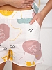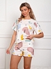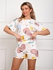 Пижама "Этаин" из набивного трикотажного полотна "кулирка" состоит из футболки и шорт. Футболка свободного покроя со спущенной линией плеча, короткими втачными рукавами, горловиной овальной формы, обработанной втачной планкой. Нижние срезы рукавов и низ изделия обработаны узкой обметочной строчкой контрастного цвета, создающей красивый волнистый край. Шорты средней длины на притачном поясе с эластичной лентой и карманами в боковых швах. Нижние срезы шорт обработаны узкой обметочной строчкой контрастного цвета, создающей красивый волнистый край.
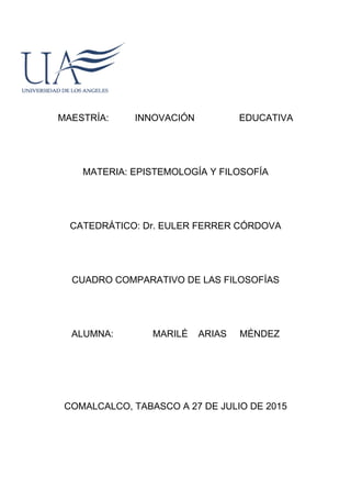 Este documento presenta un cuadro comparativo de las principales filosofías a lo largo de la historia. Describe brevemente la filosofía de la época antigua, medieval, antropológica y del renacimiento, mencionando a los autores más representativos de cada período y sus características. Finalmente, analiza las corrientes filosóficas de la modernidad como el racionalismo, empirismo e idealismo, señalando que este periodo representa el renacer de la filosofía griega influenciada por la religión cr
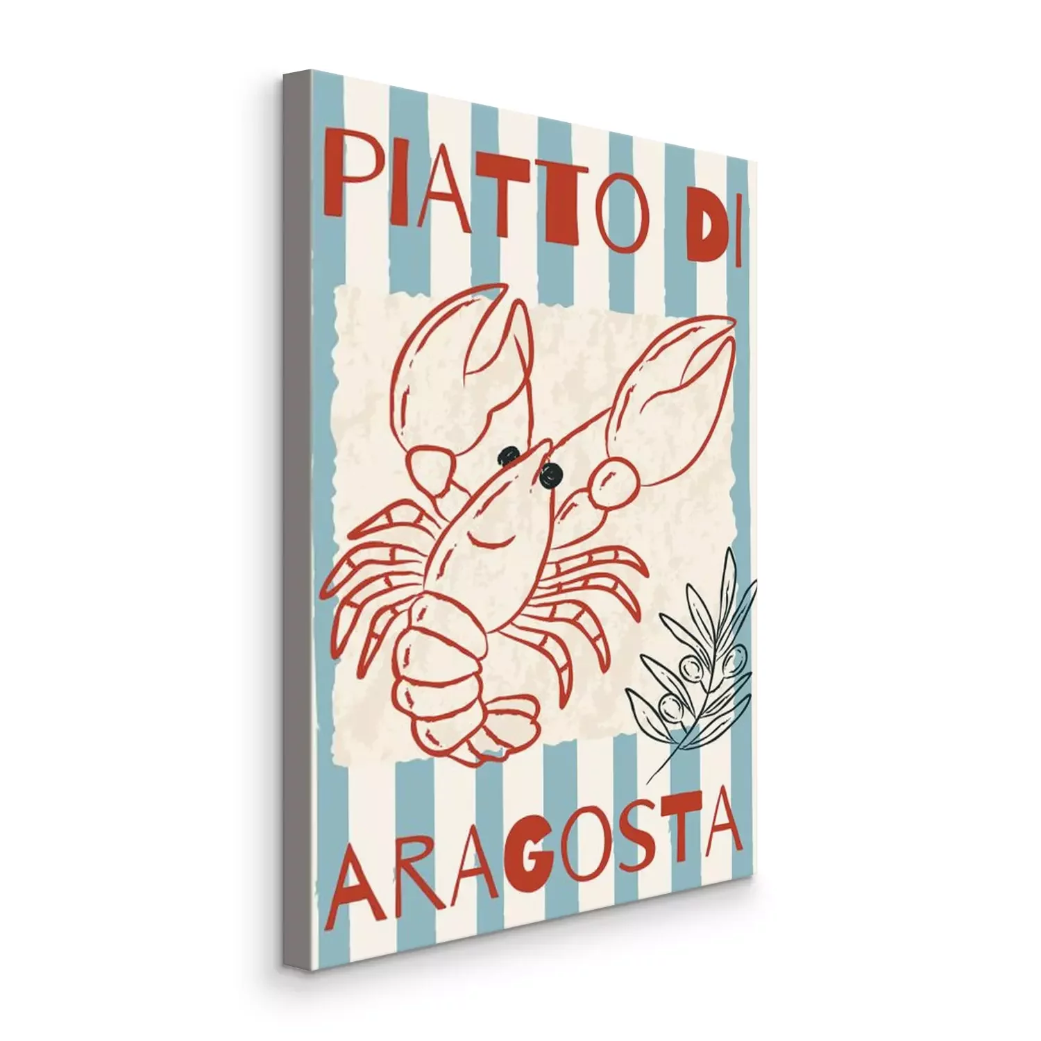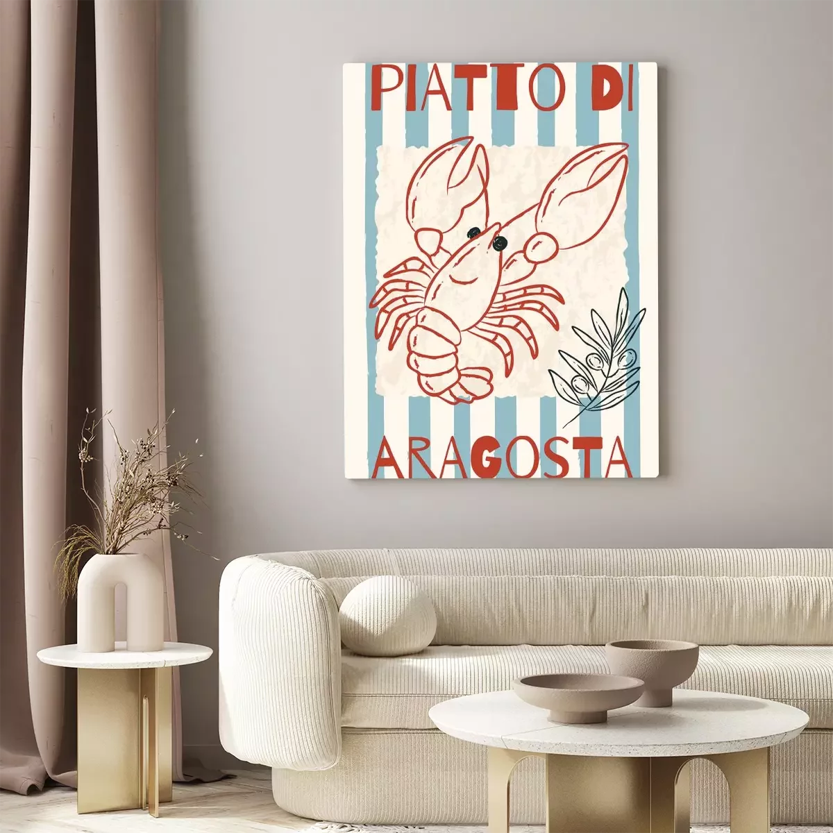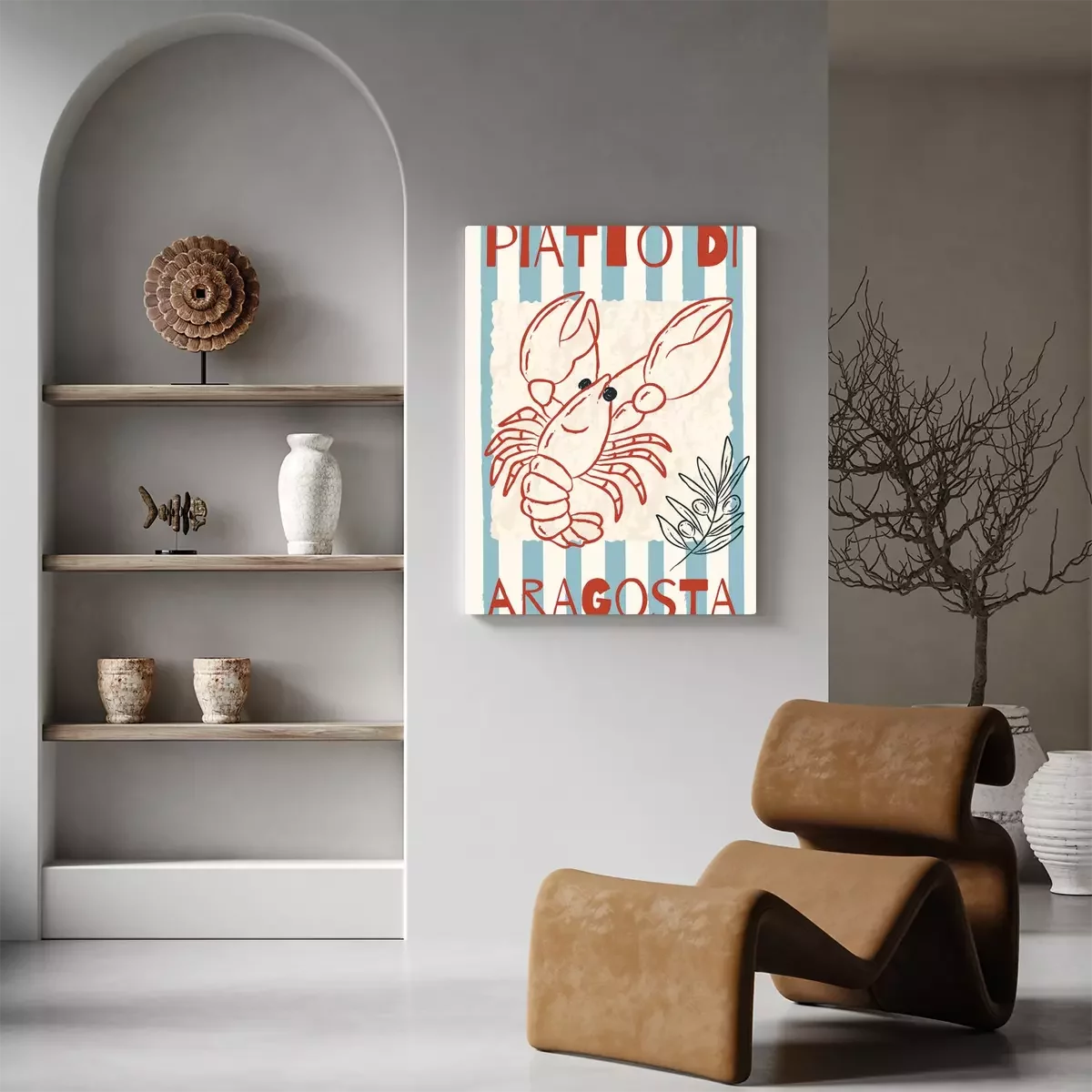 Illustratie van een kreeft met een olijftak op een gestreepte achtergrond
::::
#### WORK INSTRUCTIONS
Reproduce the listing exactly. Leave its pictures out.

#### YOUR RESPONSE
 Пижама "Этаин" из набивного трикотажного полотна "кулирка" состоит из футболки и шорт. Футболка свободного покроя со спущенной линией плеча, короткими втачными рукавами, горловиной овальной формы, обработанной втачной планкой. Нижние срезы рукавов и низ изделия обработаны узкой обметочной строчкой контрастного цвета, создающей красивый волнистый край. Шорты средней длины на притачном поясе с эластичной лентой и карманами в боковых швах. Нижние срезы шорт обработаны узкой обметочной строчкой контрастного цвета, создающей красивый волнистый край.
 Este documento presenta un cuadro comparativo de las principales filosofías a lo largo de la historia. Describe brevemente la filosofía de la época antigua, medieval, antropológica y del renacimiento, mencionando a los autores más representativos de cada período y sus características. Finalmente, analiza las corrientes filosóficas de la modernidad como el racionalismo, empirismo e idealismo, señalando que este periodo representa el renacer de la filosofía griega influenciada por la religión cr
 Illustratie van een kreeft met een olijftak op een gestreepte achtergrond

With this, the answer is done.